Work instruction: Each entry below is to be printed verbatim.
*** Opening Information given ***
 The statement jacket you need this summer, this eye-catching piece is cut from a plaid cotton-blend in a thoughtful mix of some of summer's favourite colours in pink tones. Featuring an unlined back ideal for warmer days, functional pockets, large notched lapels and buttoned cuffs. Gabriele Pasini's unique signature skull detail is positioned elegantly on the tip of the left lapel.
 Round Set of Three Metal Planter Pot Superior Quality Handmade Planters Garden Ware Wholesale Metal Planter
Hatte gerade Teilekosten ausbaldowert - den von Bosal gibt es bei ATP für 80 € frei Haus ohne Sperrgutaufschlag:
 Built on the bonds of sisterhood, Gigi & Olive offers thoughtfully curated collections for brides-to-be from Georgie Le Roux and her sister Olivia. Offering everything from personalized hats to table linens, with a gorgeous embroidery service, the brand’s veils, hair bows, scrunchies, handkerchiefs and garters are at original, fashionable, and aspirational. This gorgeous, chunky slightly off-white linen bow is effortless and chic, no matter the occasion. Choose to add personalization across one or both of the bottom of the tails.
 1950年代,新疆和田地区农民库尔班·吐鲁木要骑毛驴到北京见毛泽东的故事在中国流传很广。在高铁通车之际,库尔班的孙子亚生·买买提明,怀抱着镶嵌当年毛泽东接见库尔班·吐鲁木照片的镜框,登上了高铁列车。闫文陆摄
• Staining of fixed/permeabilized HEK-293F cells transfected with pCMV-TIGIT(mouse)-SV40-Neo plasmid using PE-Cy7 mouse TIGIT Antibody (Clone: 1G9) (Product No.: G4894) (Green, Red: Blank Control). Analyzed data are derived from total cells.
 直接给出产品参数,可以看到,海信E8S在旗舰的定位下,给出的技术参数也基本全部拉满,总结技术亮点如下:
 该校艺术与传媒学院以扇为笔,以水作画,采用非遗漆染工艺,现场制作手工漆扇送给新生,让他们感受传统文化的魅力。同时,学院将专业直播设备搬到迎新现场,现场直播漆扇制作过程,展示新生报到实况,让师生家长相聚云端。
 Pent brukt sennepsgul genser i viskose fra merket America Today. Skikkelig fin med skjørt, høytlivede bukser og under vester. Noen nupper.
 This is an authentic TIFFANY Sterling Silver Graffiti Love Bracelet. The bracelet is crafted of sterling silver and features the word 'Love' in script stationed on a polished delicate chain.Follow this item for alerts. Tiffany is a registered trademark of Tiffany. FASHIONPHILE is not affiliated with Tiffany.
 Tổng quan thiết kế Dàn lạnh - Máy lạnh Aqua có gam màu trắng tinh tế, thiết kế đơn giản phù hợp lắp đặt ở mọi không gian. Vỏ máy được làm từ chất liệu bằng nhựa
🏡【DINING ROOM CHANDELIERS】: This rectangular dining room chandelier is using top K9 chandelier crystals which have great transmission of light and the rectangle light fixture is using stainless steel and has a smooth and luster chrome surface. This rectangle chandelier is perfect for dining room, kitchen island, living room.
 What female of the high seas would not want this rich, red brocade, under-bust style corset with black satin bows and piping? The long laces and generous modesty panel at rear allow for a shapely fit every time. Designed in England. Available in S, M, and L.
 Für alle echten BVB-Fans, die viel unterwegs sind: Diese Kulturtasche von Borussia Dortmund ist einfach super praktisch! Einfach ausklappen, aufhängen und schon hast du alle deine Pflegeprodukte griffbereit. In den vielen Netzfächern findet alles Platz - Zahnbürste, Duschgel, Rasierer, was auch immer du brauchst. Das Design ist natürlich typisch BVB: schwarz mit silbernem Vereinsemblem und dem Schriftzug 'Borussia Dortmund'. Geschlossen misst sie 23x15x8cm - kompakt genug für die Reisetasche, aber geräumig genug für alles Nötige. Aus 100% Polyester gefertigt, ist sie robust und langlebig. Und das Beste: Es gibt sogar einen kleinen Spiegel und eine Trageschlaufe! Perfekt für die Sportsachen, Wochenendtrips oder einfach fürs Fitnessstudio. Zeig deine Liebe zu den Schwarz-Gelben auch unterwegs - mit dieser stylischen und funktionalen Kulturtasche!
*** Closing Information given ***
Result for this task:
 The statement jacket you need this summer, this eye-catching piece is cut from a plaid cotton-blend in a thoughtful mix of some of summer's favourite colours in pink tones. Featuring an unlined back ideal for warmer days, functional pockets, large notched lapels and buttoned cuffs. Gabriele Pasini's unique signature skull detail is positioned elegantly on the tip of the left lapel.
 Round Set of Three Metal Planter Pot Superior Quality Handmade Planters Garden Ware Wholesale Metal Planter
Hatte gerade Teilekosten ausbaldowert - den von Bosal gibt es bei ATP für 80 € frei Haus ohne Sperrgutaufschlag:
 Built on the bonds of sisterhood, Gigi & Olive offers thoughtfully curated collections for brides-to-be from Georgie Le Roux and her sister Olivia. Offering everything from personalized hats to table linens, with a gorgeous embroidery service, the brand’s veils, hair bows, scrunchies, handkerchiefs and garters are at original, fashionable, and aspirational. This gorgeous, chunky slightly off-white linen bow is effortless and chic, no matter the occasion. Choose to add personalization across one or both of the bottom of the tails.
 1950年代,新疆和田地区农民库尔班·吐鲁木要骑毛驴到北京见毛泽东的故事在中国流传很广。在高铁通车之际,库尔班的孙子亚生·买买提明,怀抱着镶嵌当年毛泽东接见库尔班·吐鲁木照片的镜框,登上了高铁列车。闫文陆摄
• Staining of fixed/permeabilized HEK-293F cells transfected with pCMV-TIGIT(mouse)-SV40-Neo plasmid using PE-Cy7 mouse TIGIT Antibody (Clone: 1G9) (Product No.: G4894) (Green, Red: Blank Control). Analyzed data are derived from total cells.
 直接给出产品参数,可以看到,海信E8S在旗舰的定位下,给出的技术参数也基本全部拉满,总结技术亮点如下:
 该校艺术与传媒学院以扇为笔,以水作画,采用非遗漆染工艺,现场制作手工漆扇送给新生,让他们感受传统文化的魅力。同时,学院将专业直播设备搬到迎新现场,现场直播漆扇制作过程,展示新生报到实况,让师生家长相聚云端。
 Pent brukt sennepsgul genser i viskose fra merket America Today. Skikkelig fin med skjørt, høytlivede bukser og under vester. Noen nupper.
 This is an authentic TIFFANY Sterling Silver Graffiti Love Bracelet. The bracelet is crafted of sterling silver and features the word 'Love' in script stationed on a polished delicate chain.Follow this item for alerts. Tiffany is a registered trademark of Tiffany. FASHIONPHILE is not affiliated with Tiffany.
 Tổng quan thiết kế Dàn lạnh - Máy lạnh Aqua có gam màu trắng tinh tế, thiết kế đơn giản phù hợp lắp đặt ở mọi không gian. Vỏ máy được làm từ chất liệu bằng nhựa
🏡【DINING ROOM CHANDELIERS】: This rectangular dining room chandelier is using top K9 chandelier crystals which have great transmission of light and the rectangle light fixture is using stainless steel and has a smooth and luster chrome surface. This rectangle chandelier is perfect for dining room, kitchen island, living room.
 What female of the high seas would not want this rich, red brocade, under-bust style corset with black satin bows and piping? The long laces and generous modesty panel at rear allow for a shapely fit every time. Designed in England. Available in S, M, and L.
 Für alle echten BVB-Fans, die viel unterwegs sind: Diese Kulturtasche von Borussia Dortmund ist einfach super praktisch! Einfach ausklappen, aufhängen und schon hast du alle deine Pflegeprodukte griffbereit. In den vielen Netzfächern findet alles Platz - Zahnbürste, Duschgel, Rasierer, was auch immer du brauchst. Das Design ist natürlich typisch BVB: schwarz mit silbernem Vereinsemblem und dem Schriftzug 'Borussia Dortmund'. Geschlossen misst sie 23x15x8cm - kompakt genug für die Reisetasche, aber geräumig genug für alles Nötige. Aus 100% Polyester gefertigt, ist sie robust und langlebig. Und das Beste: Es gibt sogar einen kleinen Spiegel und eine Trageschlaufe! Perfekt für die Sportsachen, Wochenendtrips oder einfach fürs Fitnessstudio. Zeig deine Liebe zu den Schwarz-Gelben auch unterwegs - mit dieser stylischen und funktionalen Kulturtasche!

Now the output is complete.